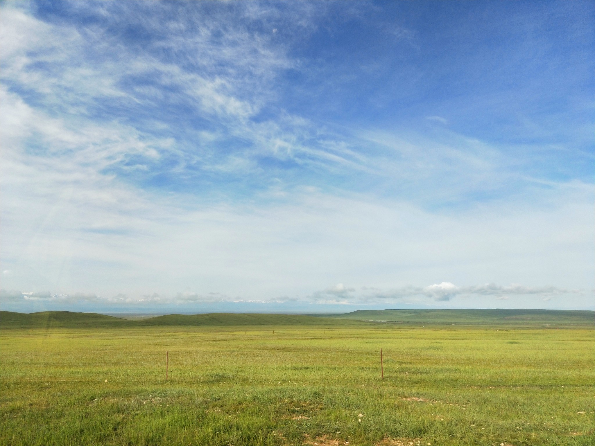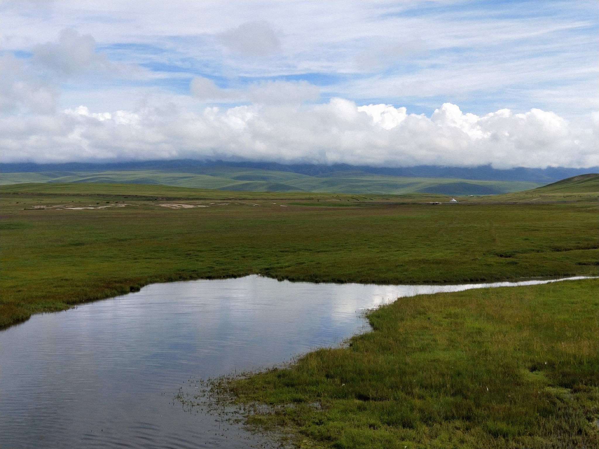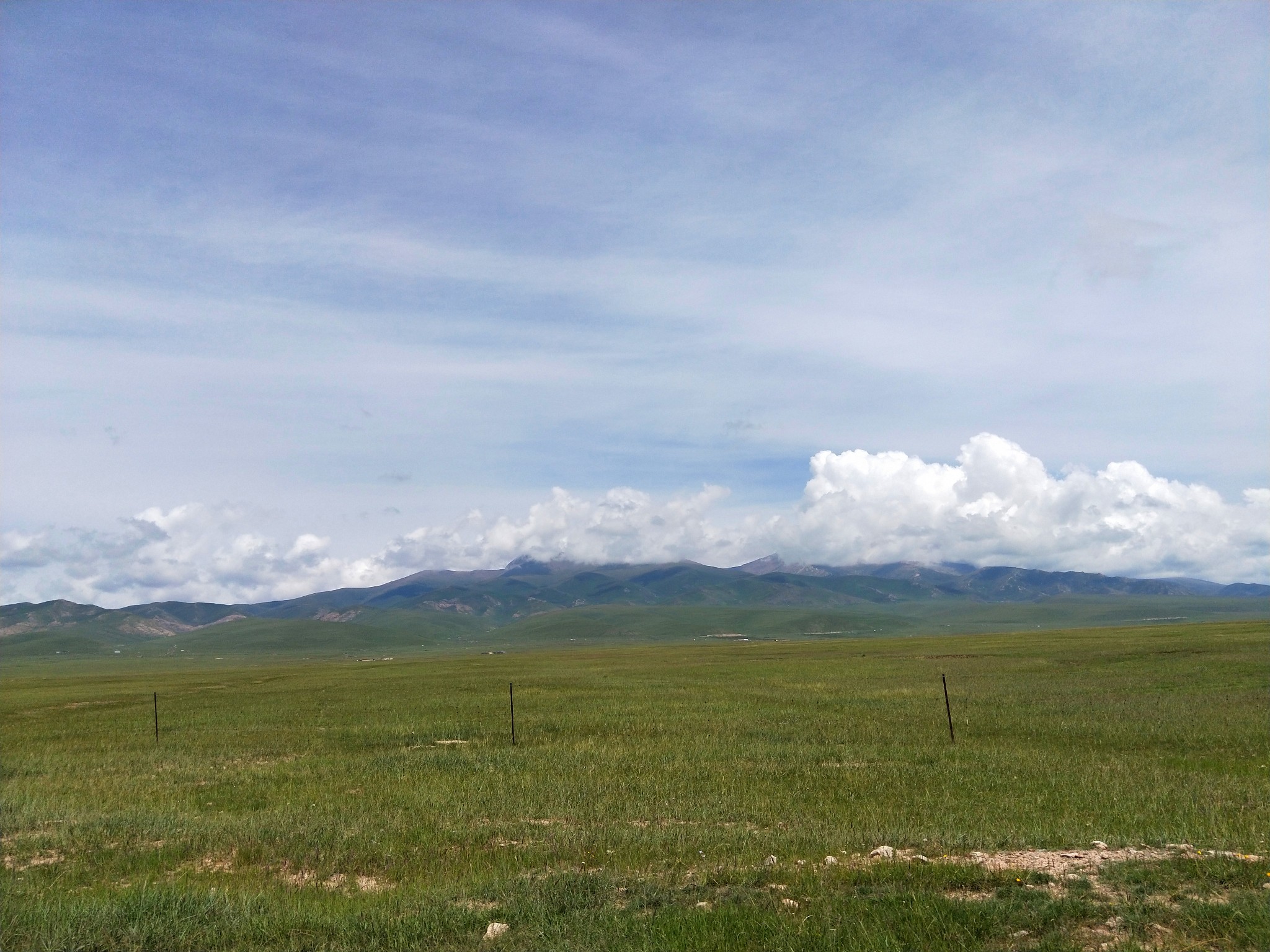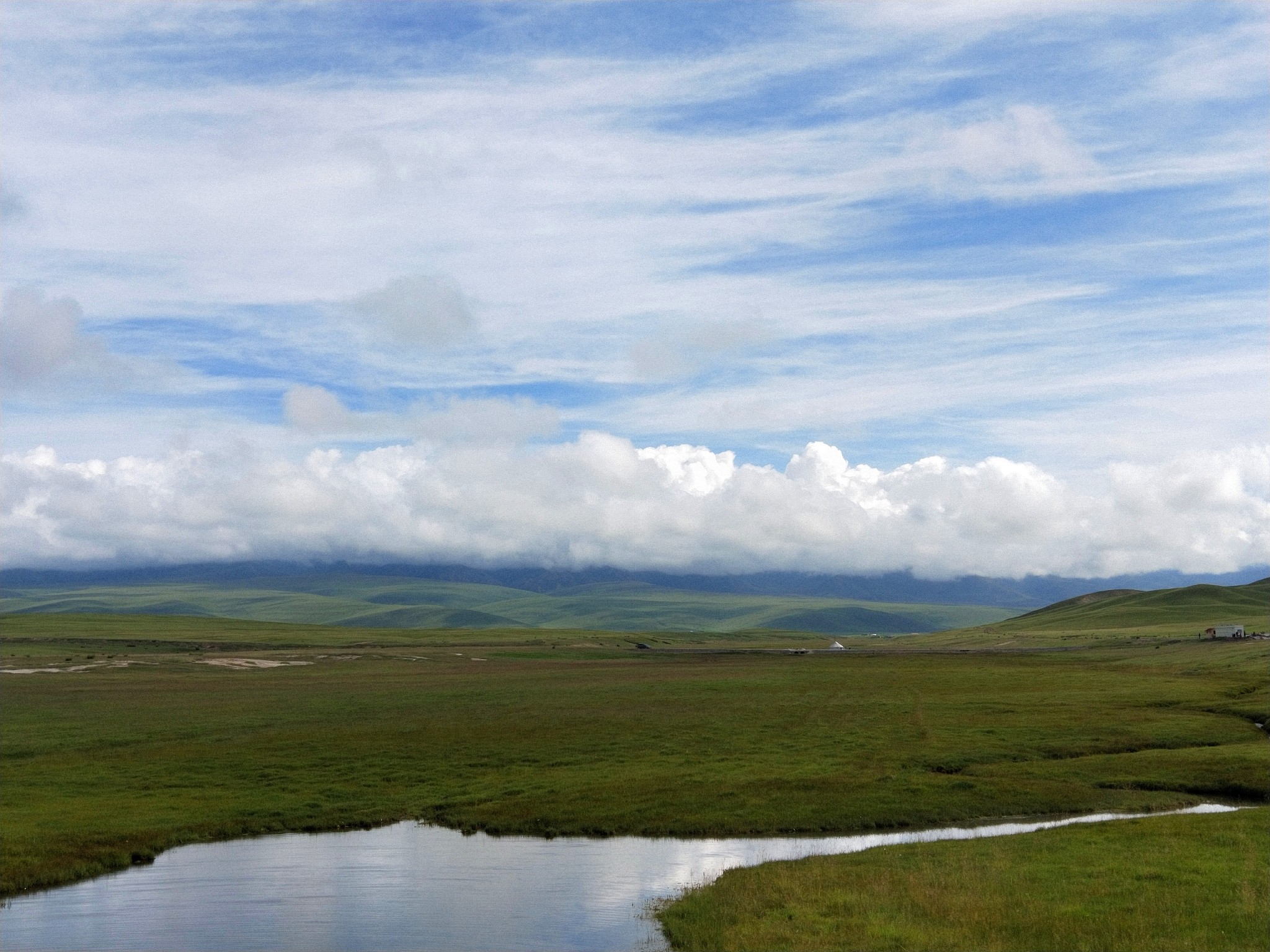 蓝天白云下的远山,大草原,蒙古包,一派牧歌悠远的景象
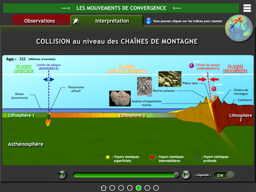 4- collisione: animazione per comprendere la formazione delle catene della montagna dopo la collisione tra due piatti litosferici (movimento della convergenza).
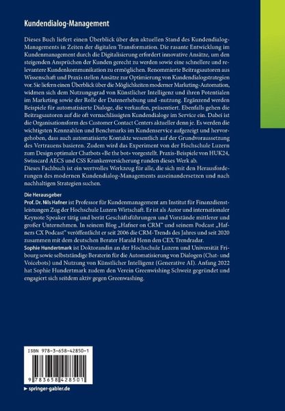 Strategisches Kundendialogmanagement - die Automatisierungsentscheidung datenbasiert fällen.- Die vier Bausteine einer menschenzentrierten Kultur: Die Zutaten für ein gesundes Frühstück.- Effektives Kundendialog-Management durch eine kundenzentrierte Organisation.- Digitaler Kunde im Mittelpunkt - Die Persönliche Versicherungsmaschine der HUK24.- KI und Kundendialoge - Darum ist der Faktor Mensch weiter wichtig.- Kundendialog-Management in Zeiten der Marketing-Automation.- Mit Datenkompetenz zur Datenstrategie.- Dialoge, die verkaufen: Mit Conversational Automation zur Kundenbindung.- Contact Center als zentraler Kommunikationshub.- Kennzahlen und Controlling im Kundendialog.- Vertrauen in automatisierte Kundendialoge.- Be the Bot - Versicherungskunden in der Rolle eines Chatbots.- Kundenanliegen verstehen, lösen und daraus lernen.- Digital Product-Experience @ CSS.- Interaktionen in der Konversationstheorie und auf Basis eines Rechnens mit Worten.- Large Language Models im Kundendialog - Chancen, Risiken, Ausblicke.
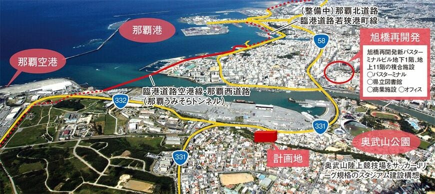 「(仮称)ミオビエント山下」の周辺には、1年を通して多彩なイベントが開催される奥武山公園があり、レクリエーションや散策にも格好のロケーションとなっている。
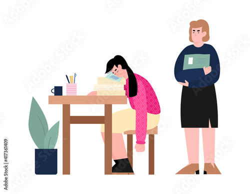Mladý muž spí, zatímco sedí u stolu v kanceláři, ploché vektorové ilustrace. Ospalý zaměstnanec kreslená postavička, unavený administrativní pracovník.
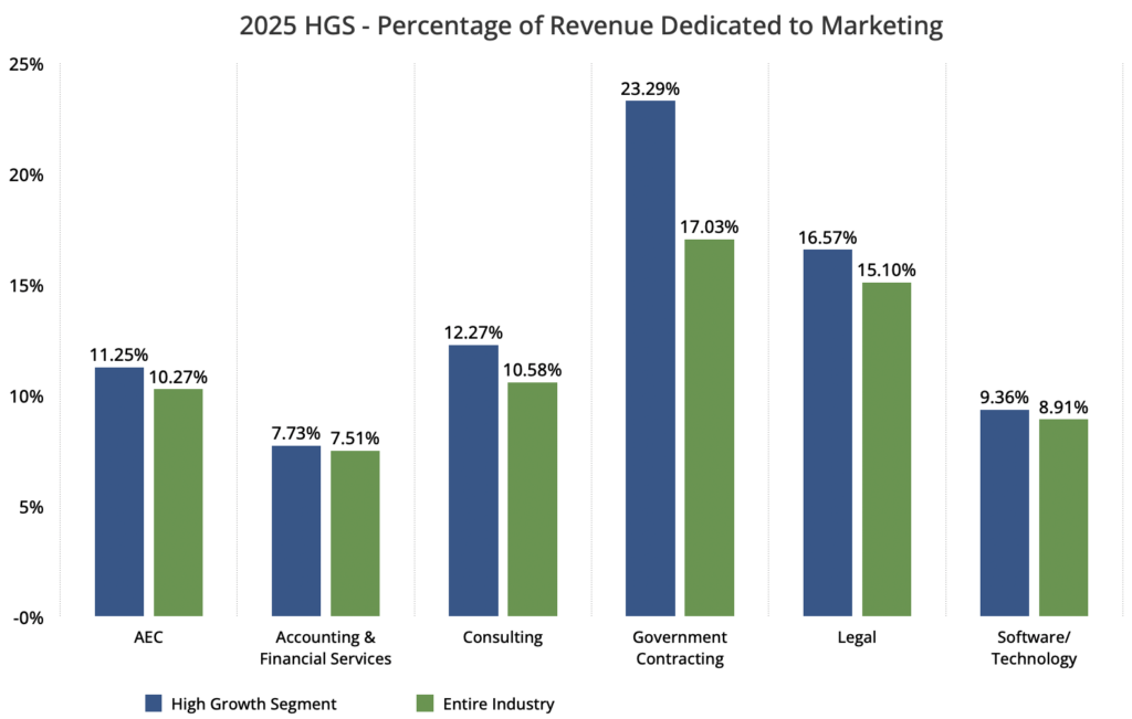 Os dados em si não têm muito a dizer nesse sentido. Mas podemos dizer-lhe, pela nossa experiência de trabalho com empresas em todos estes setores, que uma vasta gama de fatores contribui para estas diferenças. Por exemplo, na indústria AEC, os custos de repasse (materiais, equipamentos, mão de obra contratada, etc.) muitas vezes constituem uma grande proporção das suas receitas, potencialmente deprimindo artificialmente os números do seu orçamento de marketing. As empresas do setor de contabilidade (distinto dos serviços financeiros) geralmente gastam menos em marketing porque têm uma alta porcentagem de negócios repetidos ano após ano. Outras indústrias, como a contratação governamental, relatam gastos mais elevados em marketing como forma de combater a oferta intensamente competitiva tanto para o trabalho governamental como para os acordos de formação de equipas. E é claro que existem empresas em todos os setores dos serviços profissionais que podem ver-se nestas circunstâncias “únicas”.
========
### [Work to complete]
Set down word for word the lines from the first entry through the line with "Mladý muž spí, zatímco", both included, omitting pictures.

### [Result for this task]
 蓝天白云下的远山,大草原,蒙古包,一派牧歌悠远的景象
 4- collisione: animazione per comprendere la formazione delle catene della montagna dopo la collisione tra due piatti litosferici (movimento della convergenza).
 Strategisches Kundendialogmanagement - die Automatisierungsentscheidung datenbasiert fällen.- Die vier Bausteine einer menschenzentrierten Kultur: Die Zutaten für ein gesundes Frühstück.- Effektives Kundendialog-Management durch eine kundenzentrierte Organisation.- Digitaler Kunde im Mittelpunkt - Die Persönliche Versicherungsmaschine der HUK24.- KI und Kundendialoge - Darum ist der Faktor Mensch weiter wichtig.- Kundendialog-Management in Zeiten der Marketing-Automation.- Mit Datenkompetenz zur Datenstrategie.- Dialoge, die verkaufen: Mit Conversational Automation zur Kundenbindung.- Contact Center als zentraler Kommunikationshub.- Kennzahlen und Controlling im Kundendialog.- Vertrauen in automatisierte Kundendialoge.- Be the Bot - Versicherungskunden in der Rolle eines Chatbots.- Kundenanliegen verstehen, lösen und daraus lernen.- Digital Product-Experience @ CSS.- Interaktionen in der Konversationstheorie und auf Basis eines Rechnens mit Worten.- Large Language Models im Kundendialog - Chancen, Risiken, Ausblicke.
 「(仮称)ミオビエント山下」の周辺には、1年を通して多彩なイベントが開催される奥武山公園があり、レクリエーションや散策にも格好のロケーションとなっている。
Mladý muž spí, zatímco sedí u stolu v kanceláři, ploché vektorové ilustrace. Ospalý zaměstnanec kreslená postavička, unavený administrativní pracovník.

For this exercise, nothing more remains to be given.